> **What the task requires**
Among the entries below, only the lines from the one with "50건 이하 도로명 주소 전환 방법" through the one with "메일함에서 오른쪽 상단의 톱니바퀴를 누르고 모든 설정 보기를 선택해 줘" are wanted, reproduced exactly. Pictures are not wanted.

> **Exercise data**
········
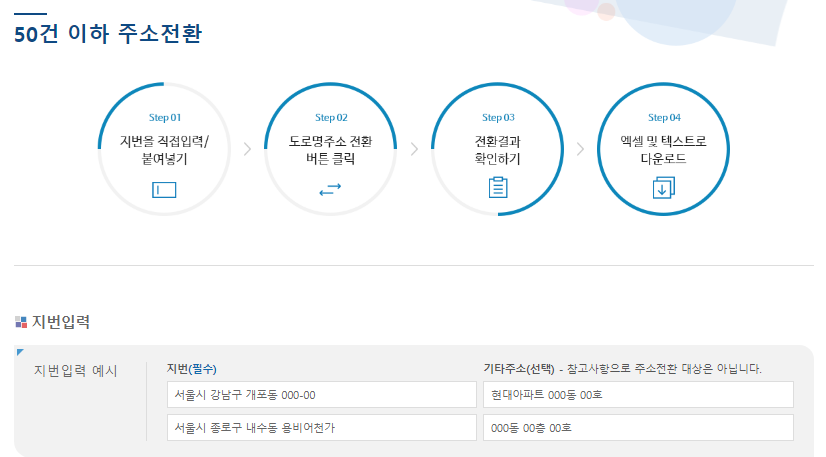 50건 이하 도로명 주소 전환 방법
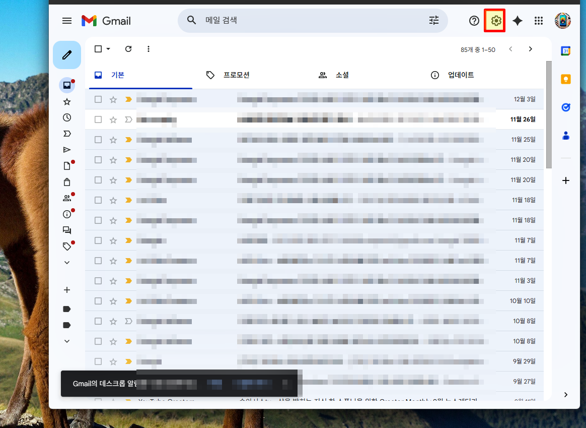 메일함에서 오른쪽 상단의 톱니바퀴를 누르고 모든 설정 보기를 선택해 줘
········
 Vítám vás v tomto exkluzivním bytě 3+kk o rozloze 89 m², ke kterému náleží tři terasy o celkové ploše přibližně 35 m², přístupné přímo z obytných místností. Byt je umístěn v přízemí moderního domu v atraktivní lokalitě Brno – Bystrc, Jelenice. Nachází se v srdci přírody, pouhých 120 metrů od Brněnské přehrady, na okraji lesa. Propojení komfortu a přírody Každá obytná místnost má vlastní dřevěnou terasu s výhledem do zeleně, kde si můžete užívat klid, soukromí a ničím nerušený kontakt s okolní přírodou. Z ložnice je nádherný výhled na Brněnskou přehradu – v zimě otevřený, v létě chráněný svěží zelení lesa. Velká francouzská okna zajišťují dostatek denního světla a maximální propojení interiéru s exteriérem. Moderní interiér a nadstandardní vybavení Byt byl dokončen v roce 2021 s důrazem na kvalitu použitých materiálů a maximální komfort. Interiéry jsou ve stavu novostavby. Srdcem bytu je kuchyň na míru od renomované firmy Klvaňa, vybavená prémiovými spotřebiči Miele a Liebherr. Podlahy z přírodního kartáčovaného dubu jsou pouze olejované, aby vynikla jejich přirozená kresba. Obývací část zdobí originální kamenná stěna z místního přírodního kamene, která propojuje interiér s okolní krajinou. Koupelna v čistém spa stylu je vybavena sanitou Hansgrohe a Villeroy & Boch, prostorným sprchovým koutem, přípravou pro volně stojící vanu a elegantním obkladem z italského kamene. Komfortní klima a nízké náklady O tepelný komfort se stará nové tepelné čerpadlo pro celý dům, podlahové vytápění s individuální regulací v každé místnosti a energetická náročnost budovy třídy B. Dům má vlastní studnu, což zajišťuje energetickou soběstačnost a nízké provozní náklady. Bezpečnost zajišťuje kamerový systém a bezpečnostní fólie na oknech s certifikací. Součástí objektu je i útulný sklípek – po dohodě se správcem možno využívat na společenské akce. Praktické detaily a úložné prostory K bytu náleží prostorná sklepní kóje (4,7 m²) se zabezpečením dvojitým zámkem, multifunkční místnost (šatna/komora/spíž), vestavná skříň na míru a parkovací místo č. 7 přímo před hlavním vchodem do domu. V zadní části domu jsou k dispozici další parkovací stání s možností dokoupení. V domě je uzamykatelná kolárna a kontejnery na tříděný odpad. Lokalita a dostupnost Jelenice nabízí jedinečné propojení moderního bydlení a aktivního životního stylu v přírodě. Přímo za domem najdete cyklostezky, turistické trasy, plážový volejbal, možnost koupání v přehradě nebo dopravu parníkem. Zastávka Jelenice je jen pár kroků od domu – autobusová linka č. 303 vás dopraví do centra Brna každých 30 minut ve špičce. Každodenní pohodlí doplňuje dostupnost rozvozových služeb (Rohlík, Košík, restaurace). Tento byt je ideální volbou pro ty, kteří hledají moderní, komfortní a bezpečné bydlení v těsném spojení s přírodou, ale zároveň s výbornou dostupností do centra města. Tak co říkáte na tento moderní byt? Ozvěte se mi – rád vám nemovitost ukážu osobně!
········
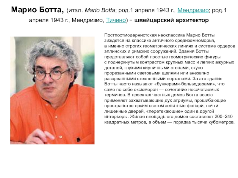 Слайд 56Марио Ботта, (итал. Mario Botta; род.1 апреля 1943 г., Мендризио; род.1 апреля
········
> **Exercise response**
 50건 이하 도로명 주소 전환 방법
 메일함에서 오른쪽 상단의 톱니바퀴를 누르고 모든 설정 보기를 선택해 줘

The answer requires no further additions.